Easy DIY band-aids would be installing low-flow shower heads (or an in-line shower volume control valves by the shower heads), since lowering the gallons per minute extends the amount of time it takes for the hottest water to be depleted. A lot of old-school gusher shower heads run 4 gpm or more @ 80psi, and are still over 3 gpm @ 30 psi. There are some pretty good
1.5-2 gpm shower heads out there, if simply throttling back the flow with a volume control valve isn't satisfactory. It may be worth
bucket-testing the flow rate of the existing shower heads as a sanity check before making a showerhead swap, but
a control valve can reduce the flow at any shower head.

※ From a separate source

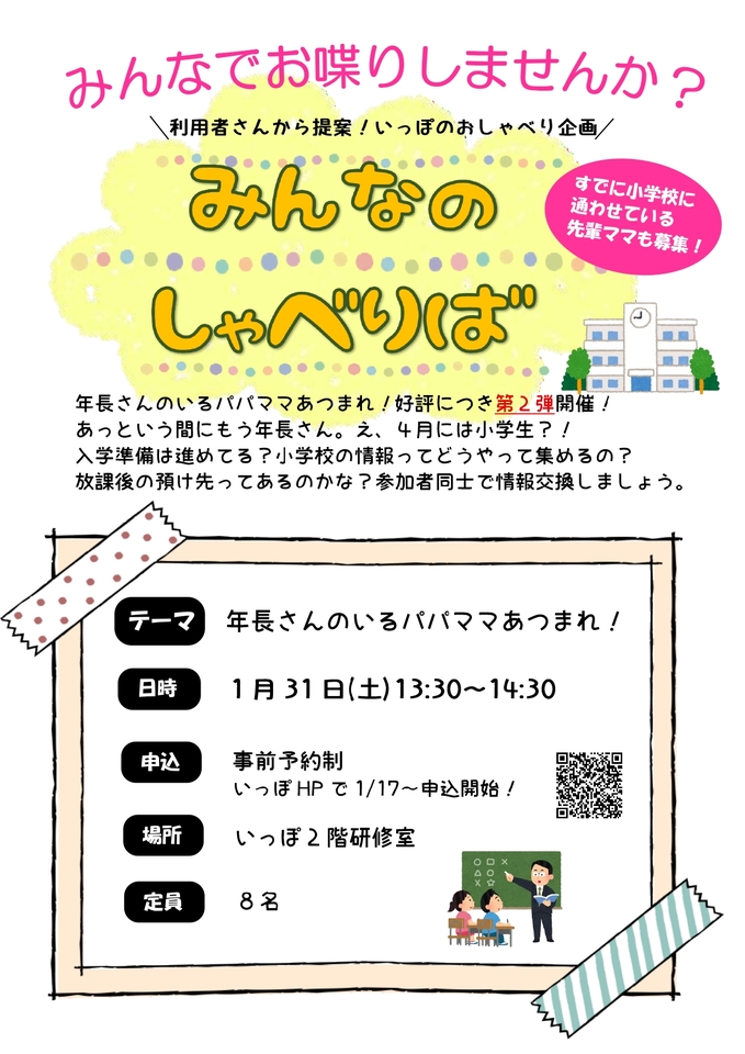 | 詳細 | 「みんなのしゃべりば」は利用者のパパママから「このテーマで他の方とおしゃべりしたい!」と提案してもらい開催するプログラムです。 今回は「年長さんのいるパパママあつまれ!~小学校入学に向けて~」です。 進学に向けて知りたいことなど、ざっくばらんにお話ししましょう! 詳細は後日アップします。 【事前予約制・定員8組】 |

If there is a thermostatic mixing valve or tempering valve between the water heater and hot water distribution plumbing (now required by code in new construction, and whenever a water heater is replaced), you can crank the storage temperature of the tank higher, which will give it a higher heat storage capacity but also higher standby losses-which is still probably going to be OK for most electric water heaters, which have fairly low standby losses. If the hot water distribution plumbing isn't already insulated, insulating it with R3 or higher foam pipe insulation everywhere, including the first 5 feet or so of cold-water connected pipe, and the temperature & pressure relief outflow pipe for good measure.
If there isn't a thermostatic mixing valve or tempering valve in place, raising the temperature of the hot water is a hazard. Installing a thermostatic mixing valve is do-able as a DIY for handy people, but if your space is really cramped it could be a real PITA project to take on.